I’ve dealt with Aldous Huxley (1894-1963) a number of times before on this blog, noting my opinion that Eyeless in Gaza is his most compassionate novel, while the garrulous and gossipy Point Counter Point is probably the most malicious fun. (I also, for some reason that now escapes me, wrote a post on his early short story collection Mortal Coils). If I were to nominate the Huxley novel that is most interesting because it is also very flawed, my choice would be After Many a Summer.
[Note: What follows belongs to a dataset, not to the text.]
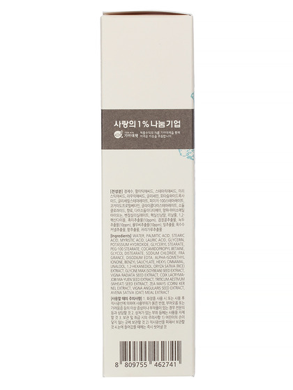 Water,Stearic Acid ,Glycerin ,Myristic Acid , Lauric Acid,Potassium Hydroxide ,Dimethicone,Beeswax ,Glyceryl Stearate, Cocamidopropyl Betaine ,PEG-100 Stearate,Sodium Benzoate, Potassium Cocoyl Glycinate ,Fragrance ,Caprylyl Glycol ,Potassium Cocoate ,PEG-14M ,Sodium Chloride ,Ethylhexylglycerin ,Disodium EDTA,Propanediol ,Caramel ,Vigna Radiata Seed Extract , Vigna Angularis Seed Extract, Silica ,Butylene Glycol ,Lactobacillus/Soybean Ferment Extract,1,2-Hexanediol,Saccharomyces/Barley Seed Ferment Filtrate ,Lactobacillus/Punica Granatum Fruit Ferment Extract. Lactobacillus/Pear Juice Ferment Filtrate,Saccharomyces/Potato Extract Ferment Filtrate,Saccharomyces/Coix Lacryma-Jobi Ma-yuen Seed Ferment,Filtrate,Lactobacillus/Rice Ferment, Lactobacillus/Panax Ginseng Root Ferment Filtrate ,BHT ,Glycine Soja (Soybean) Oil ,Phytosterols ,Squalane ,Olea Europaea (Olive) Fruit Oil ,Lecithin ,Polyglyceryl-3 Diisostearate, Oryza Sativa (Rice) Germ Extract ,Oryza Sativa (Rice) Extract,Hydrolyzed Wheat Protein ,Ceramide NP,Butyrospermum Parkii (Shea) Butter

It was published in America under the fuller title After Many a Summer Dies the Swan, both titles coming from lines in Tennyson’s dramatic monologue Tithonus: “And after many a summer dies the swan. / Me only cruel immortality / Consumes.
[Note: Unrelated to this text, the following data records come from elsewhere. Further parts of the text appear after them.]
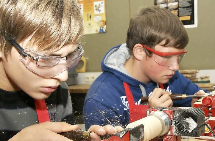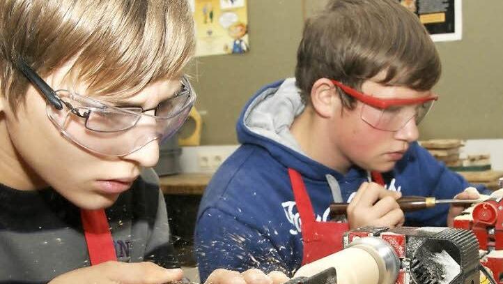 Schüler der achten, neunten und zehnten Klassen der Mittelschule üben das Drechseln. Es soll nicht die letzte Begegnung mit diesem alten Handwerk sein.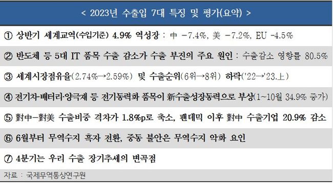 2023년 수출입 7대 특징 및 평가(요약)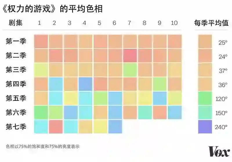 编译来源:https://www.vox.com/culture/2017/8/24/16162814/game-of-thrones-color-spectrum
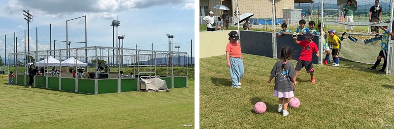 子どもたちが安心して遊ぶことができるキッズピッチ(四方を壁とネットで囲われたケージコート)を活用し、能登半島の公共施設や民有地に一時的なスペースを5か所程度設けます。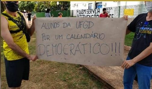 Também no dia 21/05 os estudantes da UFGD se organizaram em outro ATO na frente da reitoria para denunciar o calendário interventor que passou por cima da autonomia e democracia universitária novamente impondo um calendário que mantém a EaD como única forma de estudo, prejudica os estudantes que estão na universidade a estudarem e ingressa os calouros a estudarem na modalidade a distância, dando continuidade ao plano de sucatear, precarizar para privatizar as universidades públicas também agora com os cortes de mais de 1 bilhão nas universidade federais.

            Tennyson’s poem is based on the Greek legend of the man who asks for unending life and is granted it, but without the condition that he would remain young and healthy. Consequently Tithonus ages as we all do, but remains alive ancient, sick, in permanent pain; miserable and lamenting; but never knowing the release that death would give.

            Huxley’s novel is about a millionaire wanting never to die.

Before I read it, I located (thank you, internet) an American radio adaptation of the novel broadcast in the early 1950s and introduced by the actress Eva Le Gallienne. It was a neat one commercial hour long. Is simplified. It stuck to the essential fable that is buried in Huxley’s novel – a fabulously-wealthy American millionaire wants to achieve physical immortality and invests in a new scientific process to help him do so. But the punch-line shows that this will lead to his reverting to an ape-like animalistic state – all vitality and very little brain. Hence the vanity of human wishes, the fatuity of sheer materialism, the imbecility of clinging to worldly riches; not to mention generous side-swipes at American narcissism.

I think this simple fable is indeed the heart of Huxley’s novel and is quite strong in itself. The experience of actually reading the novel is the experience of finding the strong central fable muddied up with a lot of extraneous side-issues and the more typical Huxlyan sardonic chitter-chatter.

It goes thus:

Jeremy Pordage, weakling English intellectual and bachelor, is summoned to California to catalogue and put in order the Hauberk Papers, heirlooms of an English aristocratic family, which have been bought and are in the possession of the billionaire Jo Stoyte.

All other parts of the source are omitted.